* Information provided

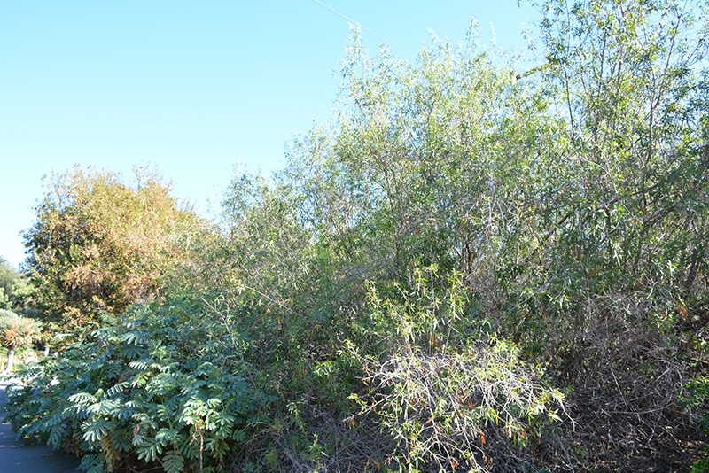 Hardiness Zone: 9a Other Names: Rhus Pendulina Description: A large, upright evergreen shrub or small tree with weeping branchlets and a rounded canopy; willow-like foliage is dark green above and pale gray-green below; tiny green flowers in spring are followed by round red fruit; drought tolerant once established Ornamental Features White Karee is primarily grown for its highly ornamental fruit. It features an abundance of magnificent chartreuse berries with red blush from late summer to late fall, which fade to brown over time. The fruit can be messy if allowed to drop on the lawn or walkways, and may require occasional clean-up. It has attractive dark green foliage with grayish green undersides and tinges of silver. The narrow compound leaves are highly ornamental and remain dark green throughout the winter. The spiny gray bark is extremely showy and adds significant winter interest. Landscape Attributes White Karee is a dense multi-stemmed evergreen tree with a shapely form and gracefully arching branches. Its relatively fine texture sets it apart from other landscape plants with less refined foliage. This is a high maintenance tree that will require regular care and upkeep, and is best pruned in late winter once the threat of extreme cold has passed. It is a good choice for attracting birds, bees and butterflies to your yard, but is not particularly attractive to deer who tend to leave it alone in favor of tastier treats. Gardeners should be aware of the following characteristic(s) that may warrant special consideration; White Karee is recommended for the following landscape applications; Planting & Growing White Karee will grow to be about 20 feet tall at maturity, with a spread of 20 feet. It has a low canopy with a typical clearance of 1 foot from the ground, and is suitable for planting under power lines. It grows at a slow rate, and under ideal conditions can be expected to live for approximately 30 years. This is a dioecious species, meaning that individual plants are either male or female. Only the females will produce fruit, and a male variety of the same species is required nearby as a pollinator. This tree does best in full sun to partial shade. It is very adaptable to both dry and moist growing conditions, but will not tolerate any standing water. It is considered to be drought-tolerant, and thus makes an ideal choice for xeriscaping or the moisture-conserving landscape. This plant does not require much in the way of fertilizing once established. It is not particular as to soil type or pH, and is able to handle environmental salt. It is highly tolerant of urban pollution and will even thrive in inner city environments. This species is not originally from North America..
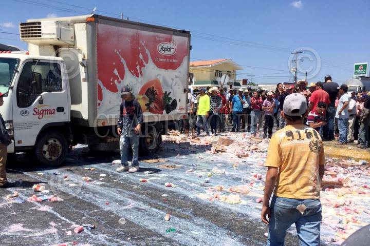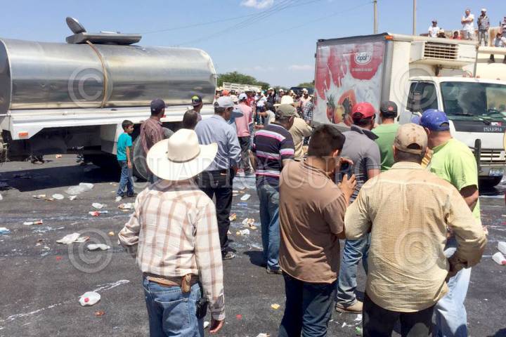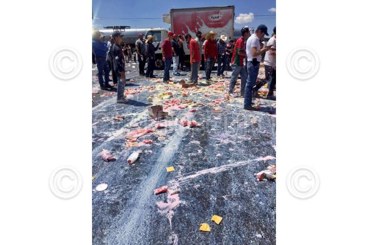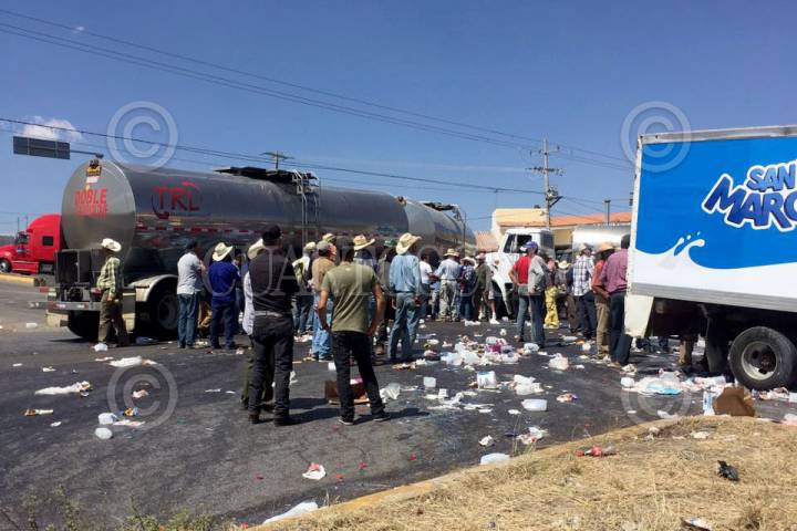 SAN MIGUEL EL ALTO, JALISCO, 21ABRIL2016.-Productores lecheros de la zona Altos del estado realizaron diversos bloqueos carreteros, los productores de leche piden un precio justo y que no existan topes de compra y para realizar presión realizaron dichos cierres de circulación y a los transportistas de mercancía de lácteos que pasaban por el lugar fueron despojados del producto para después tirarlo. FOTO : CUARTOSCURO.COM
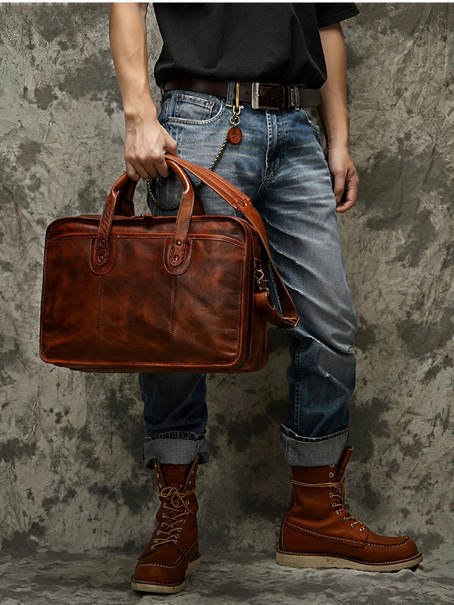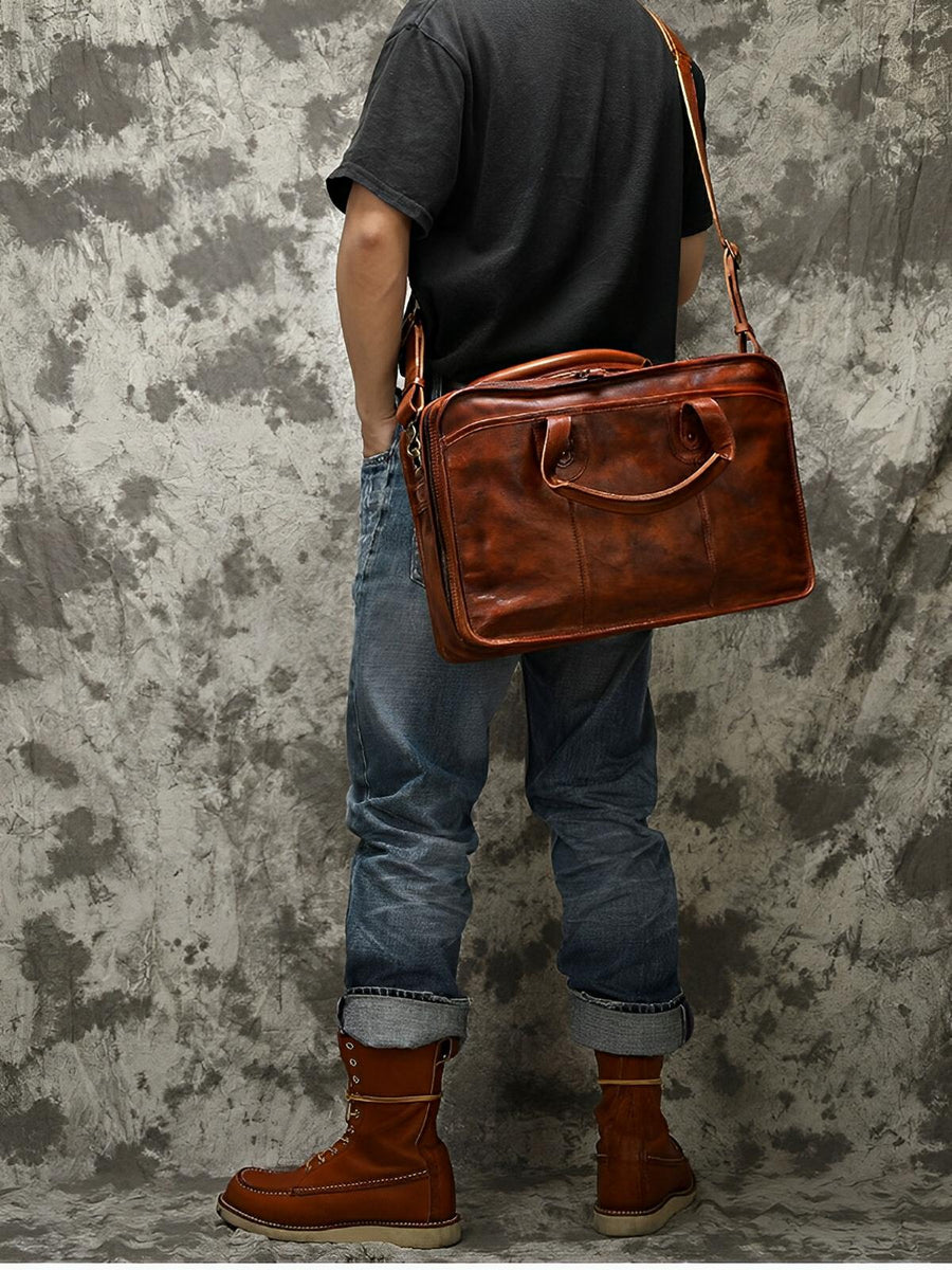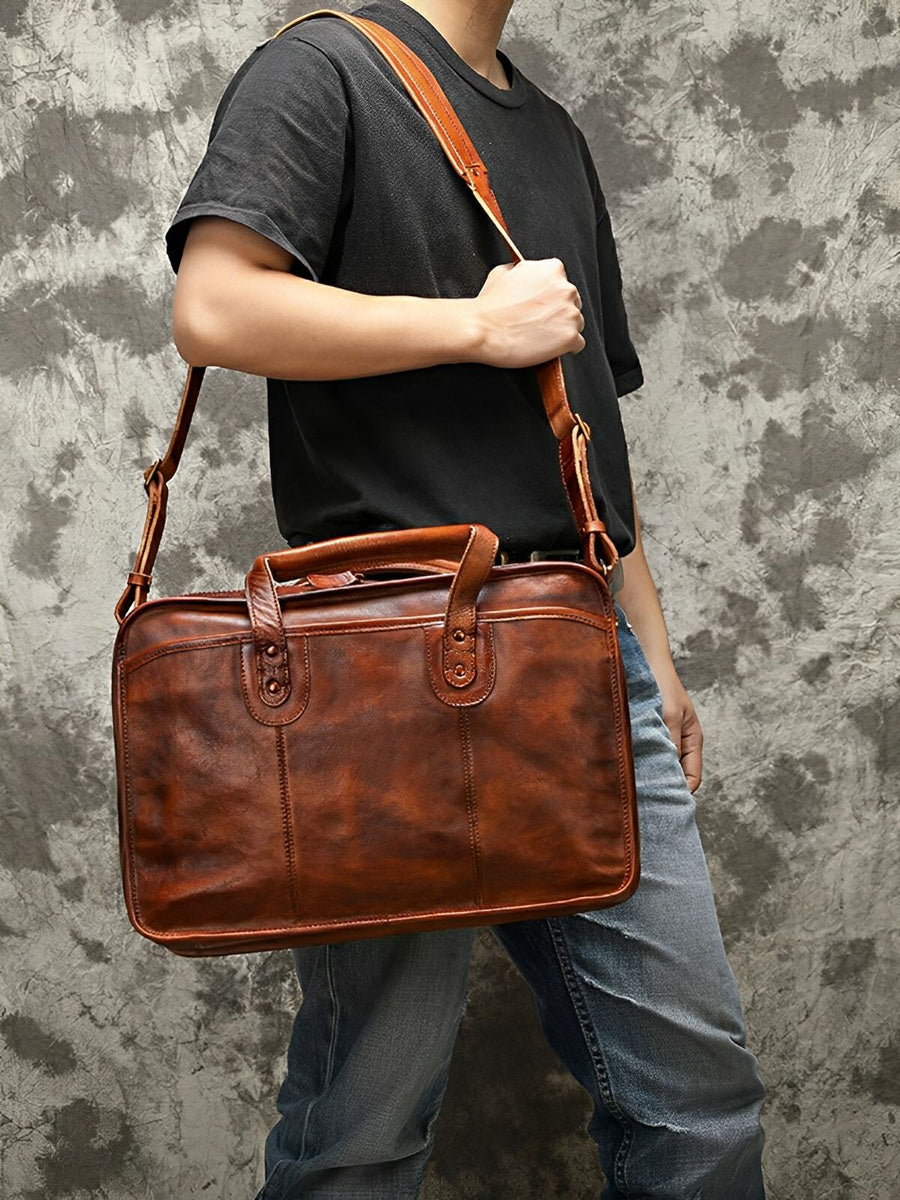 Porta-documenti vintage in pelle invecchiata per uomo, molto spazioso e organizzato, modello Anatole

* What you will do
Reproduce the material in full, word for word, and omit the pictures.

* Reply to the exercise
 Hardiness Zone: 9a Other Names: Rhus Pendulina Description: A large, upright evergreen shrub or small tree with weeping branchlets and a rounded canopy; willow-like foliage is dark green above and pale gray-green below; tiny green flowers in spring are followed by round red fruit; drought tolerant once established Ornamental Features White Karee is primarily grown for its highly ornamental fruit. It features an abundance of magnificent chartreuse berries with red blush from late summer to late fall, which fade to brown over time. The fruit can be messy if allowed to drop on the lawn or walkways, and may require occasional clean-up. It has attractive dark green foliage with grayish green undersides and tinges of silver. The narrow compound leaves are highly ornamental and remain dark green throughout the winter. The spiny gray bark is extremely showy and adds significant winter interest. Landscape Attributes White Karee is a dense multi-stemmed evergreen tree with a shapely form and gracefully arching branches. Its relatively fine texture sets it apart from other landscape plants with less refined foliage. This is a high maintenance tree that will require regular care and upkeep, and is best pruned in late winter once the threat of extreme cold has passed. It is a good choice for attracting birds, bees and butterflies to your yard, but is not particularly attractive to deer who tend to leave it alone in favor of tastier treats. Gardeners should be aware of the following characteristic(s) that may warrant special consideration; White Karee is recommended for the following landscape applications; Planting & Growing White Karee will grow to be about 20 feet tall at maturity, with a spread of 20 feet. It has a low canopy with a typical clearance of 1 foot from the ground, and is suitable for planting under power lines. It grows at a slow rate, and under ideal conditions can be expected to live for approximately 30 years. This is a dioecious species, meaning that individual plants are either male or female. Only the females will produce fruit, and a male variety of the same species is required nearby as a pollinator. This tree does best in full sun to partial shade. It is very adaptable to both dry and moist growing conditions, but will not tolerate any standing water. It is considered to be drought-tolerant, and thus makes an ideal choice for xeriscaping or the moisture-conserving landscape. This plant does not require much in the way of fertilizing once established. It is not particular as to soil type or pH, and is able to handle environmental salt. It is highly tolerant of urban pollution and will even thrive in inner city environments. This species is not originally from North America..
 SAN MIGUEL EL ALTO, JALISCO, 21ABRIL2016.-Productores lecheros de la zona Altos del estado realizaron diversos bloqueos carreteros, los productores de leche piden un precio justo y que no existan topes de compra y para realizar presión realizaron dichos cierres de circulación y a los transportistas de mercancía de lácteos que pasaban por el lugar fueron despojados del producto para después tirarlo. FOTO : CUARTOSCURO.COM
 Porta-documenti vintage in pelle invecchiata per uomo, molto spazioso e organizzato, modello Anatole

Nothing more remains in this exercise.